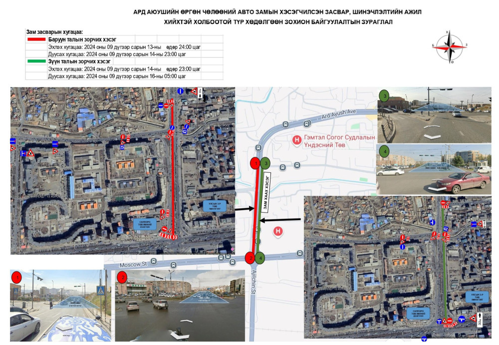 Ард аюушийн өргөн чөлөөний гудамж буюу Саппорагийн уулзвараас ГССҮТ-ийн уулзвар хүртэлх авто замыг есдүгээр сарын 13-ны 00:00 цагаас 16-ны 05:00 цагийн хооронд хааж шинэчилнэ. Энэ хугацаанд инженерийн шугам сүлжээний худгийн тагийг асфальт бетон хучилтын түвшинд тааруулах, хашлага солих зэрэг ажлыг гүйцэтгэх юм. Иймд иргэд, жолооч та бүхэн бусад замыг сонгон хөдөлгөөнд оролцоно уу.
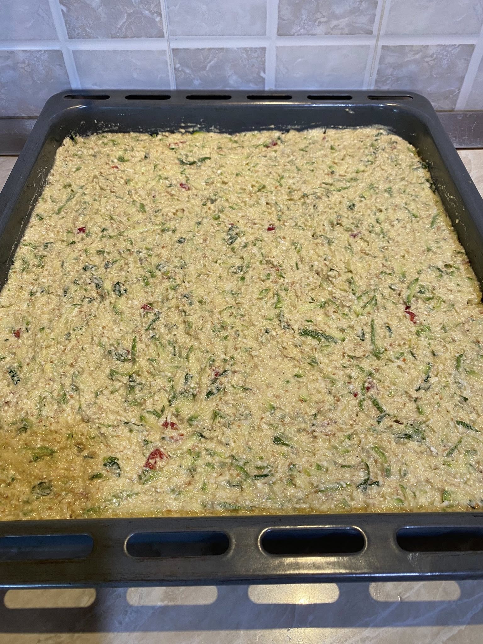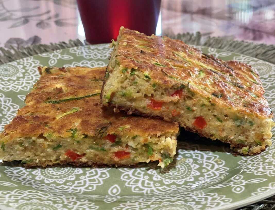 Σε ένα μπολ, χτυπάτε αυγά με γιαούρτι στραγγιστό, αλάτι, πιπέρι, κουρκουμά, λίγη γλυκιά πάπρικα, ρίγανη, θυμάρι, υγρή σόδα και λίγο ελαιόλαδο. Ρίχνετε το μείγμα στα τριμμένα λαχανικά. Έπειτα, προσθέτετε ανθότυρο και λίγη γραβιέρα, ή όποιο άλλο μαλακό τυρί έχετε. Εάν θέλετε, μπορείτε να βάλετε και λίγη φέτα.
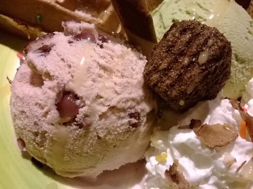 給了紅豆、抹茶冰淇淋各一顆,不過這種品質的冰淇淋竟然出現在這裡......
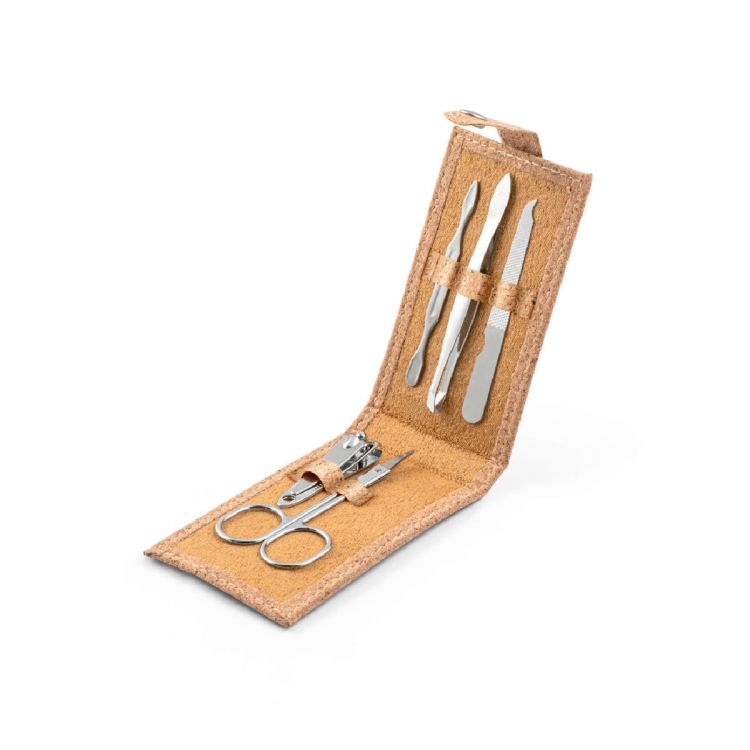 Cork manicure set with 5 stainless steel pieces: nail file, scissors, nail clipper, tweezers and a double ended cuticle pusher. Supplied in a natural paper pouch. As the product is made from natural materials, the colour and the printing result may vary between products. Product in neutral color
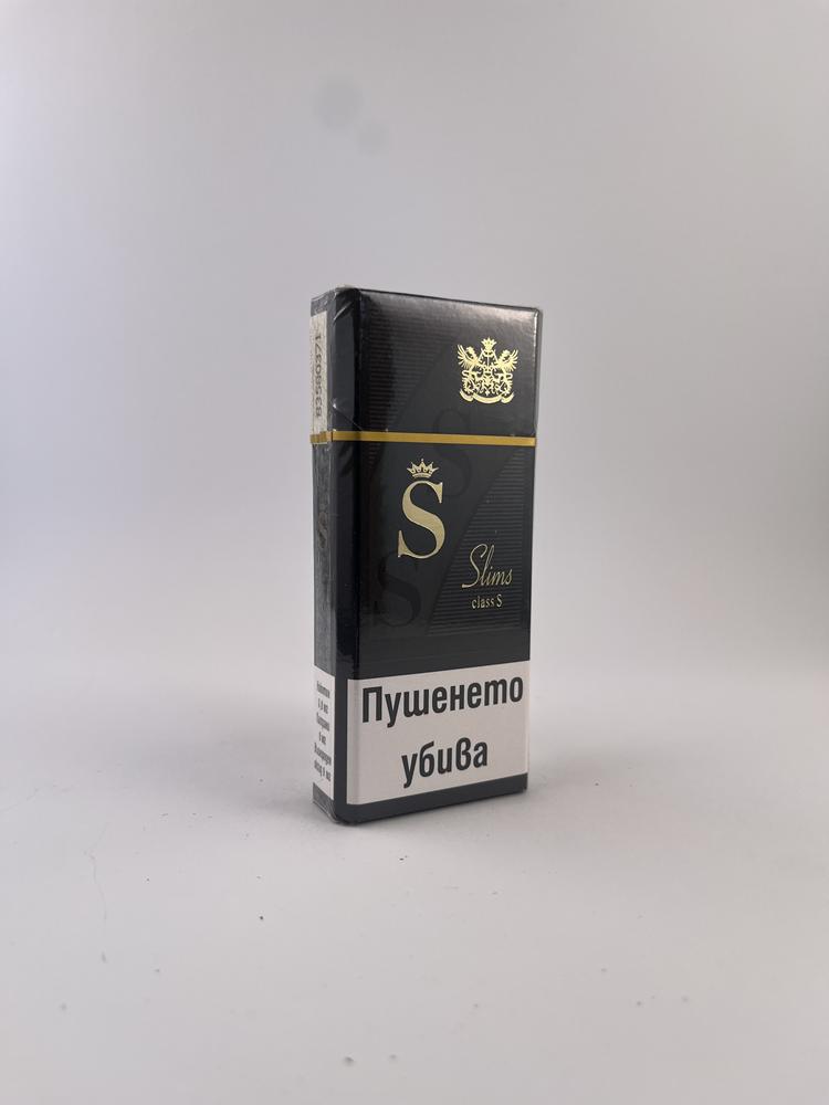 The package is dominated by a capital letter. S with a crown on top – this is the main symbol of the brand, conveying sophistication and elegance. In the upper part – a golden coat of arms, and in the lower part – the name Slims class S in a classic font.
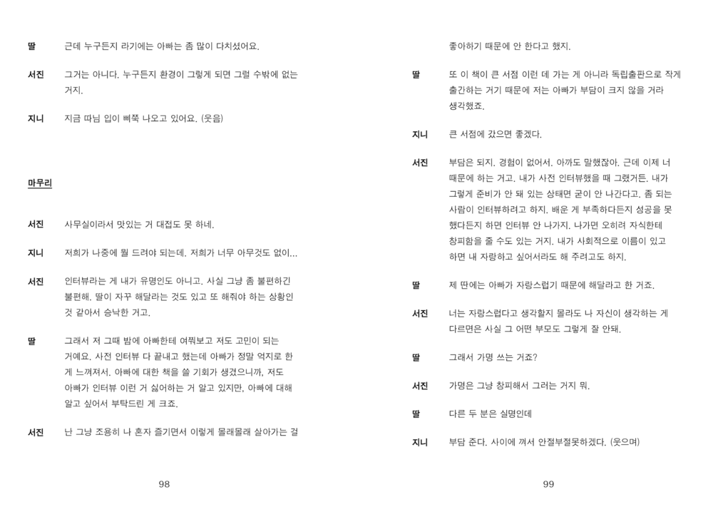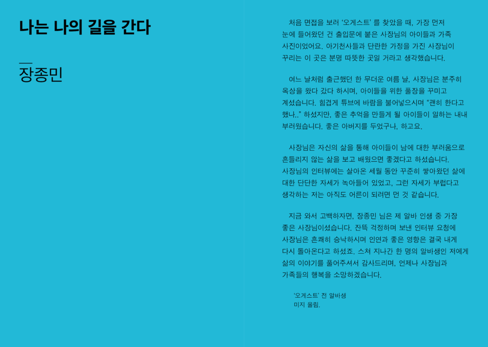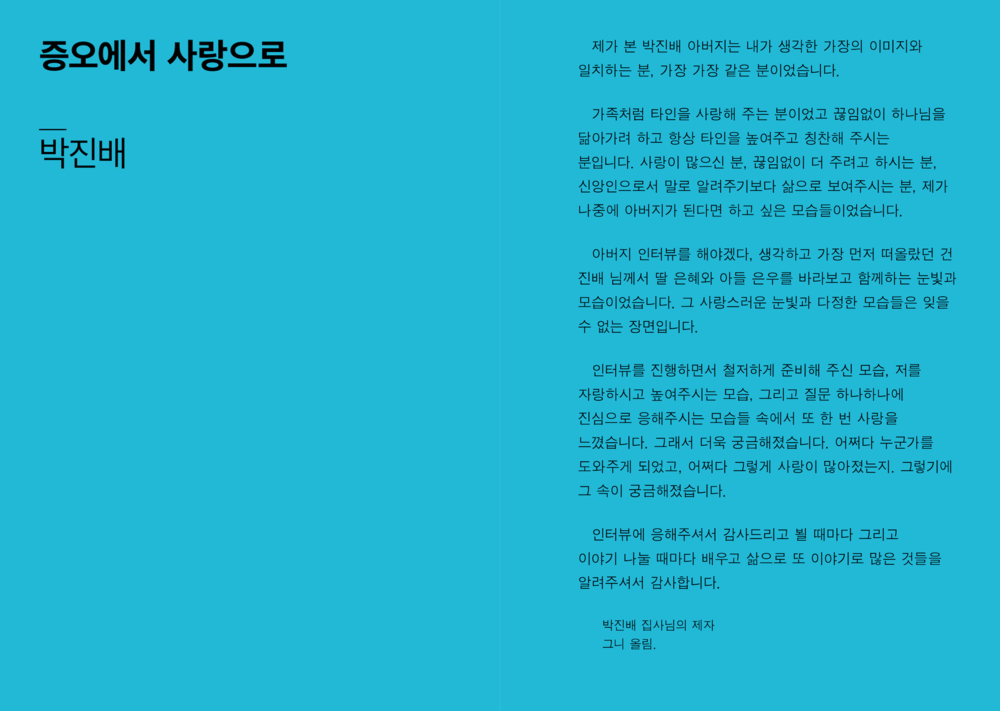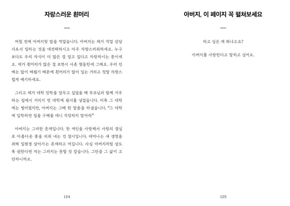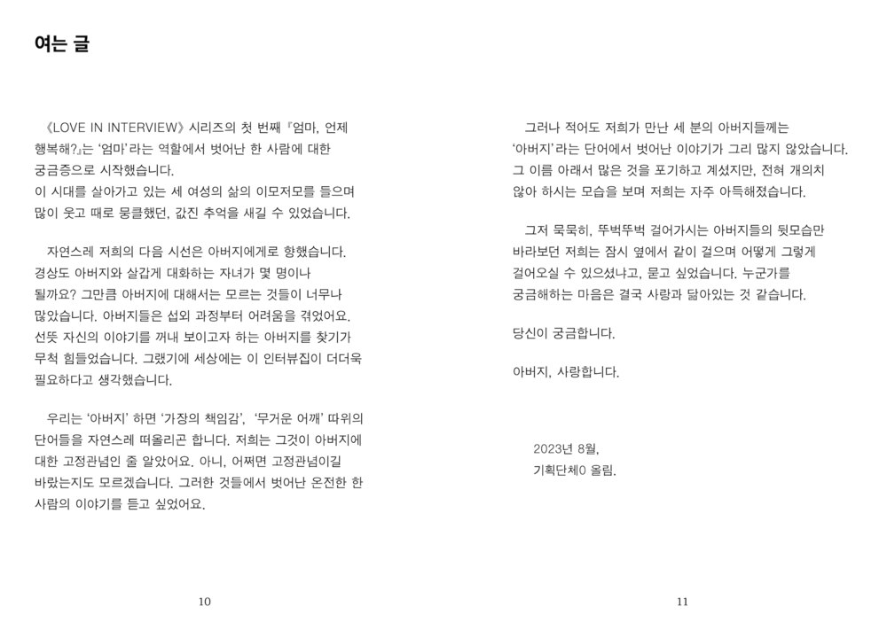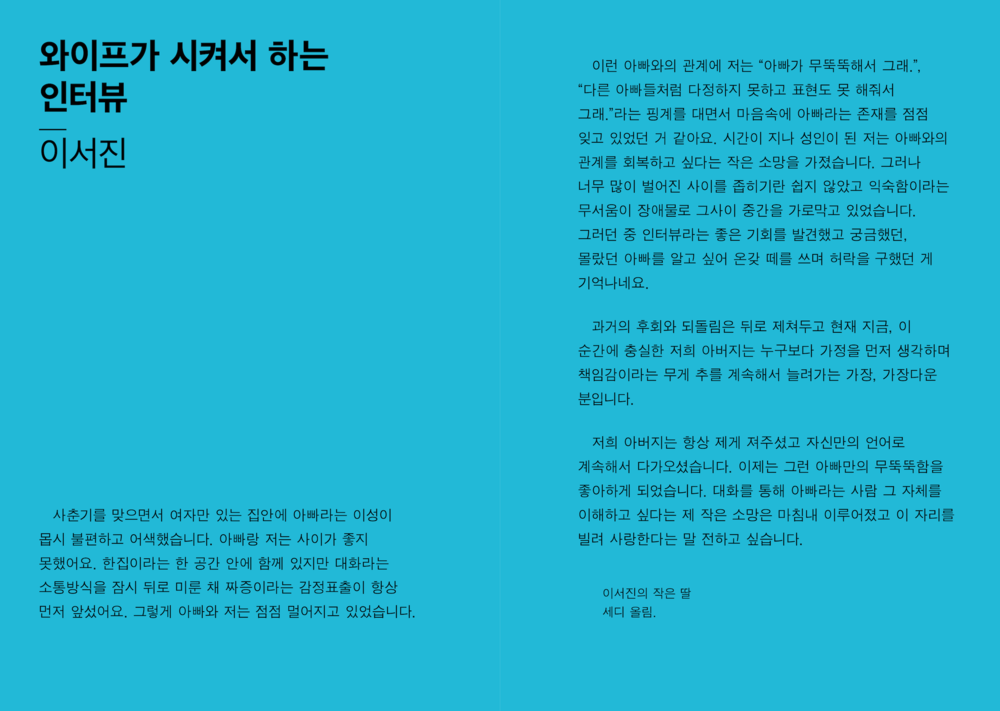 “그러나 적어도 저희가 만난 세 분의 아버지들께는 ‘아버지’라는 단어에서 벗어난 이야기가 그리 많지 않았습니다. 그 이름 아래서 많은 것을 포기하고 계셨지만, 전혀 개의치 않아 하시는 모습을 보며 저희는 자주 아득해졌습니다.”

================

YOUR GOAL: Starting with the line above that holds "Σε ένα μπολ, χτυπάτε", restate each line word for word up to and including the line that holds "給了紅豆、抹茶冰淇淋各一顆,不過這種品質的冰淇淋竟然出現在這裡......". Drop the pictures.

OUTPUT BELOW:
 Σε ένα μπολ, χτυπάτε αυγά με γιαούρτι στραγγιστό, αλάτι, πιπέρι, κουρκουμά, λίγη γλυκιά πάπρικα, ρίγανη, θυμάρι, υγρή σόδα και λίγο ελαιόλαδο. Ρίχνετε το μείγμα στα τριμμένα λαχανικά. Έπειτα, προσθέτετε ανθότυρο και λίγη γραβιέρα, ή όποιο άλλο μαλακό τυρί έχετε. Εάν θέλετε, μπορείτε να βάλετε και λίγη φέτα.
 給了紅豆、抹茶冰淇淋各一顆,不過這種品質的冰淇淋竟然出現在這裡......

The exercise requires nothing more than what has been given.